Information given Start Marker
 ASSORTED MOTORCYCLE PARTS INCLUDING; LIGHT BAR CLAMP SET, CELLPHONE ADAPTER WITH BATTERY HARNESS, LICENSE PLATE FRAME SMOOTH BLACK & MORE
Information given End Marker
Information given Start Marker
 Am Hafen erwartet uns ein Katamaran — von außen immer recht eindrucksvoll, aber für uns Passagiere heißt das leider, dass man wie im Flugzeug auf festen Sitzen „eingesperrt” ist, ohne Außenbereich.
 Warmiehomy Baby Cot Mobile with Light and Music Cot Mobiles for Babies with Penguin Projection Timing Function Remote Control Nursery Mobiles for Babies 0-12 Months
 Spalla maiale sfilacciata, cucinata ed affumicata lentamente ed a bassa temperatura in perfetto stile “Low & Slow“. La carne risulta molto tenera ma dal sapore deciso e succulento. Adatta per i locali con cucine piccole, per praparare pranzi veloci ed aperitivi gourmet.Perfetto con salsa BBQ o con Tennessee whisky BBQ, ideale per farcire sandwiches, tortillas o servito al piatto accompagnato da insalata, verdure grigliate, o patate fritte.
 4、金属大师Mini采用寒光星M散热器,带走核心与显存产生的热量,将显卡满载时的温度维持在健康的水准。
Information given End Marker
Work task:
Look above for the line holding "Warmiehomy Baby Cot" and the line holding "4、金属大师Mini采用寒光". Retype both, and every line between them, word for word and nothing else.

Worked solution:
 Warmiehomy Baby Cot Mobile with Light and Music Cot Mobiles for Babies with Penguin Projection Timing Function Remote Control Nursery Mobiles for Babies 0-12 Months
 Spalla maiale sfilacciata, cucinata ed affumicata lentamente ed a bassa temperatura in perfetto stile “Low & Slow“. La carne risulta molto tenera ma dal sapore deciso e succulento. Adatta per i locali con cucine piccole, per praparare pranzi veloci ed aperitivi gourmet.Perfetto con salsa BBQ o con Tennessee whisky BBQ, ideale per farcire sandwiches, tortillas o servito al piatto accompagnato da insalata, verdure grigliate, o patate fritte.
 4、金属大师Mini采用寒光星M散热器,带走核心与显存产生的热量,将显卡满载时的温度维持在健康的水准。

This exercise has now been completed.